A obrigação do locador de “vender o bem ao locatário, caso este queira, findo o contrato” [cfr. artigo 9.º, n.º 1, al. c), do DL n.º 149/95] ou o correspetivo direito do locatário de “adquirir o bem locado, findo o contrato, pelo preço estipulado” [cfr. artigo 10.º, n.º 2, al. f), do DL n.º 149/95] traduzem a ideia de que o contrato de locação financeira, não obstante próximo do arrendamento, contém um elemento especial – a opção de compra – que a doutrina qualifica, como se refere no Acórdão deste Supremo Tribunal de Justiça, de 14-01-2021 (proc. n.º 8621/17.6T8LSB.L1.S1), ora como uma promessa unilateral de venda (Filipe Cassiano dos Santos, Direito comercial português, volume I – Dos actos de comércio às empresas: o regime dos contratos e mecanismos comerciais no Direito Português, Coimbra Editora, Coimbra, 2007, pp. 397-398), ora como uma proposta de venda como a que ocorre no pacto de opção (Cfr. Carlos Ferreira de Almeida, Contratos II – Conteúdo. Contratos de troca, Almedina, Coimbra, 2011, pp. 193-194): se se considerar que é uma proposta de venda, a venda produz os seus efeitos com a mera aceitação do locatário; se se considerar que é uma promessa unilateral é necessário que, manifestando o locatário a intenção de adquirir o bem, seja celebrado o contrato de compra e venda (cfr. Acórdão do Supremo Tribunal de Justiça, de 14-01-2021, Proc. n.º 8261/17).
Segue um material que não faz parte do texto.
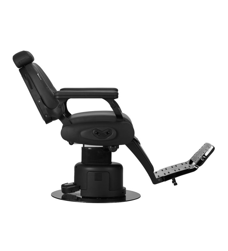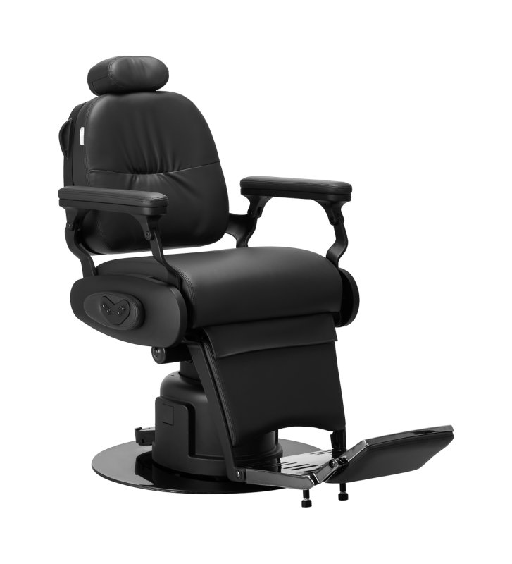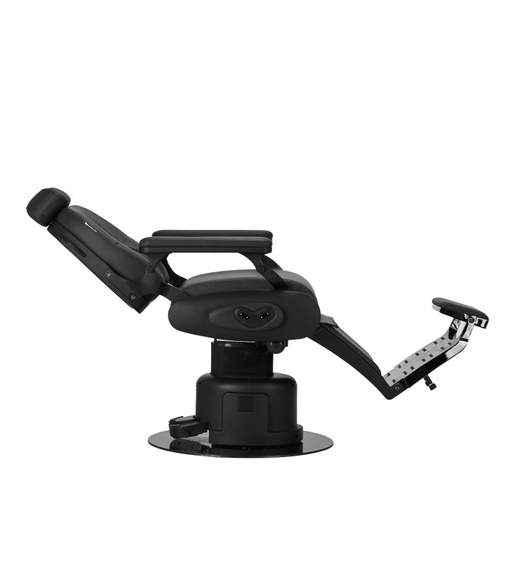 Elektryczny system sterowania gwarantuje szerokie możliwości regulacji. Umożliwia precyzyjne dostosowanie wysokości siedziska w zakresie 58-72 cm oraz niemal pełen obrót, co zapewnia barberom znaczną swobodę ruchu, nawet w mniejszych przestrzeniach. Sterowanie odbywa się zarówno za pomocą przycisków umieszczonych z boku fotela, jak i za pomocą sterowania nożnego, co daje dodatkową elastyczność podczas pracy. Podnoszenie oparcia i podnóżka jest również sterowane elektrycznie, co pozwala na szybkie i płynne dostosowanie pozycji klienta do wykonywanego zabiegu.

6. Do teor da cláusula contratual em litígio que estabelece um direito de preferência e da circunstância de lhe ter sido atribuída eficácia real, reforçada pelo registo, decorre que o autor, Cascais Shopping, tem relevantes interesses na “reaquisição” dessa fração e que o conteúdo desse direito se reveste de uma amplitude que vai para além do contexto da tradicional da venda a um terceiro, na medida em que se refere ao trespasse do estabelecimento comercial e a transmissão da fração a qualquer título.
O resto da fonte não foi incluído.